Precision Score: 0.648
Recall Score: 0.603
F1 Score: 0.600


The Precision and Recall both are above 0.6 for this model and the F1 score is 0.600. This indicates that the model is performing more than average over the test data.

### Comparison of Performances between Model 1 (Random Forest with all components) and Model 2 (Random Forest with PCA)

F1 Score of Model 2 is 0.600 which is better than Model 1 0.577, and the Precision and Recall scores are also better for Model 2. Therefore, Model 2 is performing better than Model 1.

Model 1 took 5.65 seconds whereas Model 2 took (12.74 + 124.81) = 137.55 seconds, which is roughly 24 times more than Model 1. Therefore, Model 2 is more time consuming than Model 1.

### Identification of Design Flaw and Rerun of the Experiment again

The Design Flaw with the above experiment is that the PCA analysis was done on the full dataset instead of the Train set whereas the Random Forest Classifier was trained on the Train set. Ideally, the PCA analysis should be done on Train set and then the Test set should be transformed.

#### PCA

In [15]:
# Start Time

start_time = time.time()

# Fitting the Train & Test dataset

X2D_train = pca.fit_transform(X_train.astype(float))

X2D_test = pca.transform(X_test.astype(float))

# End Time

print("\n--- Total Time: %s seconds ---" % round((time.time() - start_time),2))

print("\nNumber of Principal components: %s" % pca.n_components_)


--- Total Time: 11.03 seconds ---

Number of Principal components: 154


#### Random Forest

In [16]:
# Fitting a Random Forest with 154 components

start_time = time.time()

rf3 = RandomForestRegressor(max_features = 154,
                           random_state=RANDOM_SEED,
                           n_estimators=10,
                           bootstrap = True)

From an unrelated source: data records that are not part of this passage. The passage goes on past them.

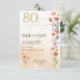 Anuncie uma celebração de marco com este elegante 80 floral. Salve o cartão de Data. Apresentando delicadas flores aquáticas e uma tipografia graciosa com script, é o prelúdio perfeito para um evento memorável. Personalize com o nome da honraria e os detalhes da festa para definir o tom de um encontro sofisticado. Aproveite!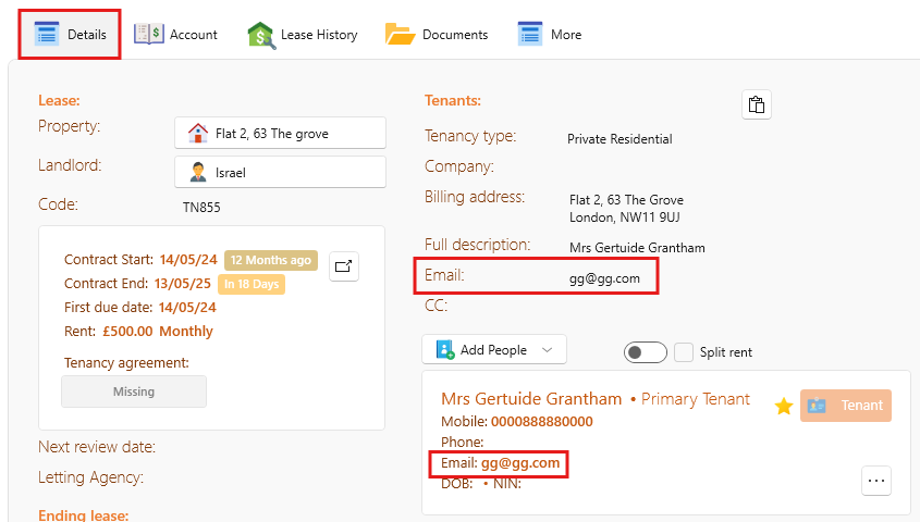 - Ensure email address is filled in correctly: Ensure that the relevant tenant, landlord, or supplier email address has been correctly entered in the Email Address field on the Details tab within SleekTech.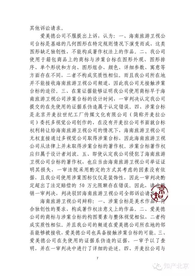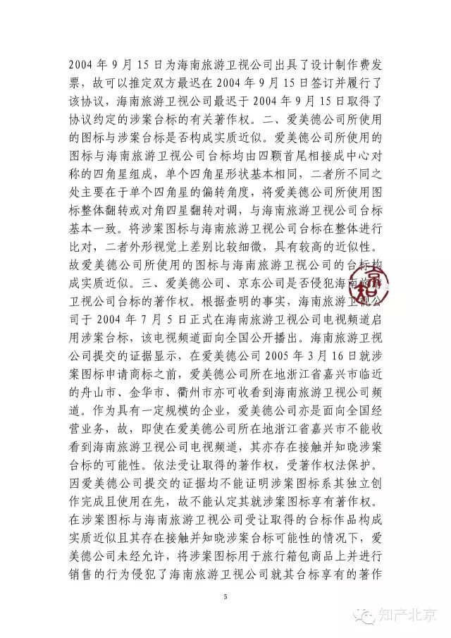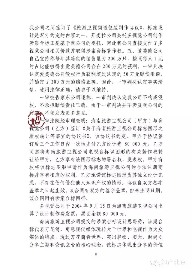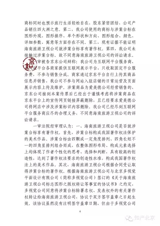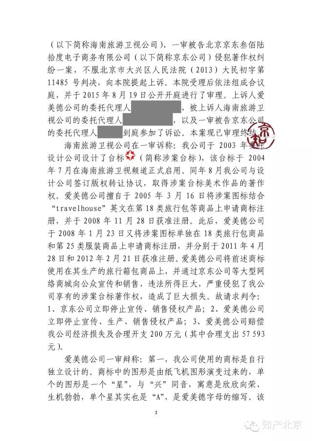 基本案情:海南旅游卫视公司是涉案台标的著作权人。爱美德公司擅自将涉案图标结合“travelhouse”英文注册为商标,在其生产的旅行箱包商品上使用,并通过京东公司等大型网络商城向公众宣传和销售。海南旅游卫视公司向一审法院起诉,要求爱美德公司和京东公司停止侵权,赔偿损失。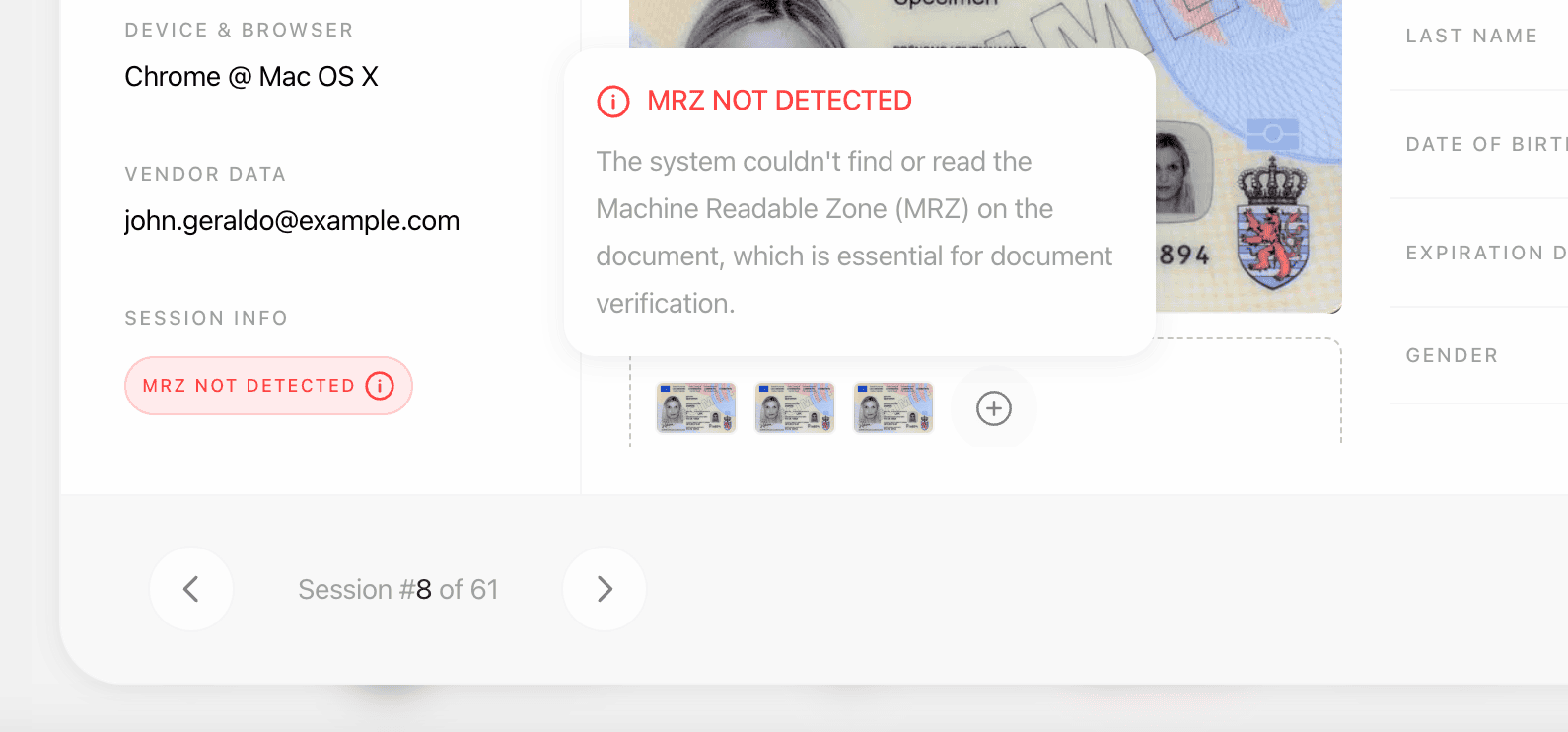 MRZ_VALIDATION_FAILED | The Machine Readable Zone (MRZ) on the document doesn’t meet the expected format or contains invalid data, indicating a potentially fraudulent or improperly issued document. This can also be caused by a low quality image that prevents proper reading of the MRZ. |

pipeline2 = make_pipeline(scaler, rf3)

pipeline2.fit(X2D_train.astype(float), y_train)

print("--- Total Time: %s seconds ---" % round((time.time() - start_time), 2))

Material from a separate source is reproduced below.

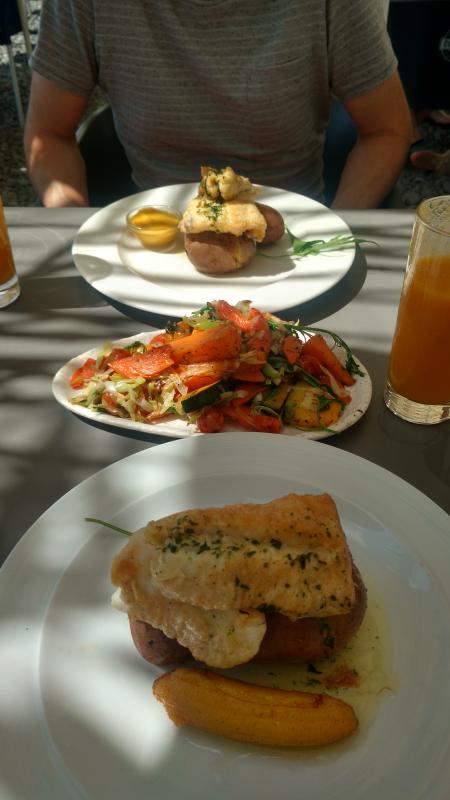 Das war ja ein rundum gelungener Tag.Genauso,wie man es sich im Urlaub wünscht.Blauer Himmel,blaues Meer,ein bisschen Abenteuer(diese Seilbahn ist schon sehr ähem,steil :o),tolles Essen ,ein schöner Garten und Badevergnügen.Toll!

--- Total Time: 122.37 seconds ---


#### Predicting on Test Data

In [17]:
y_test_predict3 = pipeline2.predict(X2D_test.astype(float)).astype(int)

#### Evaluating the model

In [18]:
# Importing Precision, Recall and F1 scores

from sklearn.metrics import precision_score, recall_score
from sklearn.metrics import f1_score

print("Precision Score: {:.3f}".format(precision_score(y_test,
                                                       y_test_predict3,
                                                       average='macro')))

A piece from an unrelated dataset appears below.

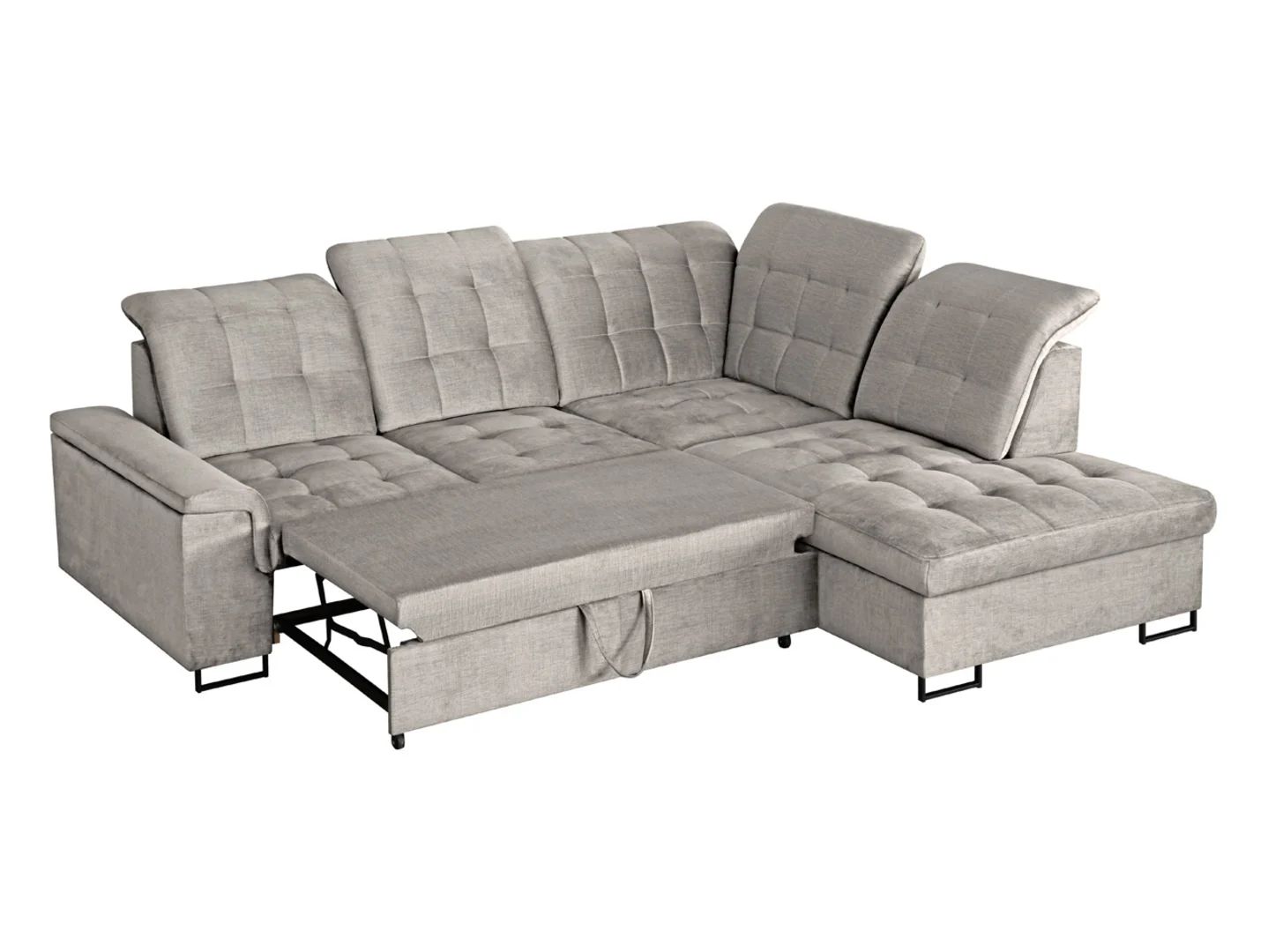 The Aragon Corner Sofa – Comfort and Modernity in Every Detail. The Aragon right-hand corner sofa perfectly combines modern design with functionality, providing comfort and practicality for everyday use. Its thoughtful features, such as adjustable headrests and seat, allow you to tailor the sofa to your individual needs, guaranteeing comfort in every situation. Comfort and Functionality: The Aragon corner sofa features a sleeping function, making it ideal for both daytime relaxation and a night’s sleep. When unfolded, the sleeping area measures 140 x 198 cm, providing space for two people, offering a comfortable place to sleep. The seat, filled with foam and sinuous springs, provides adequate body support, ensuring long-lasting comfort both while sitting and sleeping. Practical Features: The Aragon corner sofa features a built-in bedding compartment, making it easy to store textiles such as duvets, pillows, and blankets, helping you keep your space organized. This solution is especially practical in smaller spaces, where any extra storage space is valuable. Design and Style: One of the key features of the Aragon corner sofa is its adjustable headrests and seat, which can be adjusted to your preferences, providing the perfect position for relaxation. The simple, modern shape of the corner sofa combined with the elegant Voss 28 fabric makes it a perfect fit for a variety of interior designs, adding style and functionality. Special Features: Sleeping function – 140×198 cm, a comfortable sleeping area for two people. Built-in bedding storage – additional storage space. Adjustable headrests and seat – can be adjusted to individual needs. Seat filling with sinuous springs and foam – lasting seating and sleeping comfort. Modern design – perfect for contemporary interior designs. Summary: The Aragon corner sofa is the perfect solution for those who value modernity, functionality, and comfort all in one. Its adjustable headrests, sleeping function and built-in bedding storage make it a practical piece of furniture for everyday use that also adds elegance to the interior.

print("Recall Score: {:.3f}".format(recall_score(y_test,
                                                 y_test_predict3,
                                                 average='macro')))

print("F1 Score: {:.3f}".format(f1_score(y_test,
                                         y_test_predict3,
                                         average='macro')))

Precision Score: 0.654
Recall Score: 0.611
F1 Score: 0.609


The Precision and Recall both are above 0.6 for this model and the F1 score is 0.609 which is slightly better than the two Models in previous experiment. The time taken for this model is also slightly lesser than Model 2 - (11.03 + 122.37) = 133.4 seconds.

### Management Problem

Based on the F1 Score, Precision and Recall performance measures, I would recommend using PCA before ML methods even though the time required to do PCA + ML is more than doing just ML. This is because PCA has better performance for image compression and for our analysis we used a very small number of estimators in Random Forest. Increasing the number of estimators (Decision Trees) in Random Forest might increase the time taken and it is possible that the pure ML Model might take more time than PCA + ML Model.